2. The soil can hold part of the water entering it as capillary moisture. This water does not pass downward to the water-table but is mostly absorbed by vegetation and returned to the air. Hence the ground-water supply cannot exceed the residue of infiltration after evaporation and transpiration by vegetation have taken their toll.
3. Water proceeds downward through the soil to a water-table only during rain occurring at times when the soil is filled with moisture to capillary saturation. Replenishment of aquifer occurs at irregular intervals and in limited amount.
Viewed in another way, total runoff is made up of surface runoff and ground-water outflow. The ground-water outflow represents the fraction of the total runoff available as ground-water supply. It is seldom that it can all be utilized. In the region around Hemlock Lake, for example, the total runoff is equivalent to about 12 inches depth of water per year, of which at least two-thirds to three-fourths is surface runoff, leaving the equivalent of only 3 to 4 inches depth to supply aquifers. In the immediate vicinity of Rochester there are local sandy areas where nearly the entire rainfall enters the soil as infiltration and nearly the entire runoff of streams like Irondequoit Creek is derived from ground-water flow. An aquifer consisting, for example, of buried deposits of sand or gravel fed by a tributary area of the first type, would require three to four times as many square miles of tributary area to yield 1 mgd as an area of the second type with the underground aquifer precisely the same in both cases, while the latter would require a drainage area tributary to the aquifer about the same as that required to provide an equal supply from natural runoff.

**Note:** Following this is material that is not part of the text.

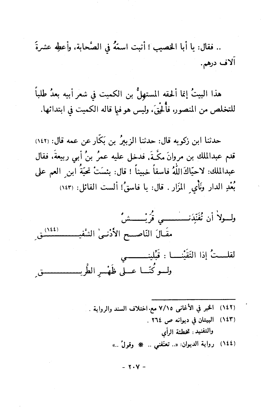 حدثنا ابن زكويه قال: حدثنا الزبير بن بكار عن عمه قال: قدم عبد الملك بن مروان مكة، فدخل عليه عمر بن أبي ربيعة، فقال عبد الملك: لا حياك الله فاسقاً خبيثاً! قال: بئست تحية ابن العم على بعد الدار ونأي المزار. قال: يا فاسق! ألست القائل:

A ground-water supply to be adequate and dependable requires the concurrent conditions of suitable underground beds of porous material, which act as a storage reservoir, and a sufficiently permeable surface and sufficiently large tributary drainage area to replenish the aquifer. This combination of conditions is relatively infrequent.
In addition, ground-water, as a rule, is harder than surface water, although a high degree of purity from a bacteriological viewpoint.
There is a not uncommon misunderstanding regarding ground-water arising from the failure to recognize the fact that an aquifer to provide a given ground-water supply requires a surface area drainage area of at least equal to and sometime greater than that which would be required for the same supply derived from natural surface runoff. Lacking this, an aquifer may provide abundant supply for a time bur gradually fails through lack of replenishment. While there are areas from which limited ground-water supplies can be obtained in the vicinity of Rochester, There is apparently none having the requisite underground storage capacity and surface intake area for so large a supply as is required. Even if ground-water of adequate quantity and suitable quality was obtainable, it would require pumping, whereas an adequate supply can be obtained from the Hemlock system without pumping.